A researcher observes that a particular cassette exon is included in mRNA from muscle cells but skipped in mRNA from neurons, even though both cell types have identical genomic DNA. What is the most likely explanation?
AMuscle cells have a different promoter that produces a longer pre-mRNA including the exon
BThe spliceosome is inactive in neurons for this gene
CMuscle cells and neurons express different ratios of SR proteins (which promote exon inclusion) and hnRNP proteins (which promote exon skipping), shifting the regulatory tug-of-war at splicing enhancer and silencer sequences
DPost-translational modification of the protein determines which exon is included
Alternative splicing is regulated by a competition between splicing enhancers (bound by SR proteins that promote exon inclusion) and splicing silencers (bound by hnRNP proteins that promote exon skipping). Different cell types express different levels of these regulatory proteins, so the outcome of the tug-of-war differs even though the pre-mRNA sequence is identical. This is how one gene produces a muscle-specific isoform and a neuron-specific isoform. The regulatory code is in the RNA sequence; the cell-type specificity comes from which proteins are available to read it.
Question 2 Multiple Choice
What component of the spliceosome actually catalyzes the two transesterification reactions that remove introns and join exons?
AThe protein components of the snRNPs, particularly the large proteins of U5
BThe RNA components — the snRNAs — making the spliceosome a ribozyme
CRNA polymerase II, which remains associated with the pre-mRNA throughout splicing
DSpecialized protein endonucleases recruited after the spliceosome assembles
The spliceosome is a ribozyme — its RNA components, not its protein components, perform the catalysis. After extensive rearrangements displace U1 and U4, the remaining U2 and U6 snRNAs base-pair to form the catalytic core. This makes the spliceosome analogous to other catalytic RNAs like ribozymes, reinforcing the RNA World hypothesis that RNA predates proteins as a catalytic molecule. The many proteins in the spliceosome are important for assembly, fidelity, and regulation, but the chemistry is RNA-driven.
Question 3 True / False
Alternative splicing is a rare regulatory mechanism that affects primarily a small fraction of human protein-coding genes.
TTrue
FFalse
Answer: False
Alternative splicing affects more than 90% of human multi-exon genes. This is how approximately 20,000 protein-coding genes produce over 100,000 distinct proteins — alternative splicing dramatically expands proteomic diversity without requiring additional genes. Far from being a rare exception, alternative splicing is the rule for human gene expression. This is why mutations in splice sites or splicing regulatory elements are a significant source of human genetic disease.
Question 4 True / False
The rate at which RNA polymerase II transcribes through a region can influence which alternative splice sites are recognized and used.
TTrue
FFalse
Answer: True
This is the key consequence of co-transcriptional splicing. Because the spliceosome assembles on the pre-mRNA while Pol II is still elongating, there is a kinetic competition: weak splice sites need time to be recognized before the spliceosome moves on. A slow-transcribing Pol II gives weak sites more time to be recognized, promoting their use; a fast Pol II may transcribe past a weak site before it can be captured, causing it to be skipped. Pol II speed is itself regulated — for example, pausing at exon-intron boundaries can influence splicing outcomes.
Question 5 Short Answer
Explain why the coupling of splicing to transcription — via the Pol II CTD recruiting splicing factors — has functional consequences for which splice sites are used.

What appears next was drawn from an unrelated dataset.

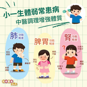 Q:我的兒子 即將6歲,今年升讀小一,但他的身體比較瘦弱,比同齡的孩子矮小,常常被誤會是幼稚園學生。而且他一向有鼻敏感,又經常感冒,升讀小一後功課壓力增大,很擔心他容易病倒影響身體,並影響學業。中醫可以幫他調理改善身體狀況嗎?

Think about your answer, then reveal below.
Model answer: Because the spliceosome assembles on the pre-mRNA while Pol II is still elongating, there is a kinetic race between splice site recognition and the arrival of the next downstream sequence. Weak splice sites (those with poor matches to the consensus sequence) require more time to be recognized. If Pol II moves slowly, these weak sites have time to be captured; if Pol II moves fast, the emerging transcript may reach the next splice site before the weak one is recognized, causing it to be skipped. The Pol II CTD also physically concentrates splicing factors at the site of transcription, so transcription speed and splicing factor availability jointly determine which alternative splice pattern wins.
Co-transcriptional splicing turns transcription speed into a splicing regulatory parameter. This is why mutations that alter Pol II pausing or elongation rate can change splicing patterns even when the pre-mRNA sequence is unchanged. The CTD coupling ensures that transcription and splicing are not independent processes — they are mechanistically linked, with the Pol II CTD acting as a scaffold that coordinates which splicing factors are available at which moment in the elongation cycle.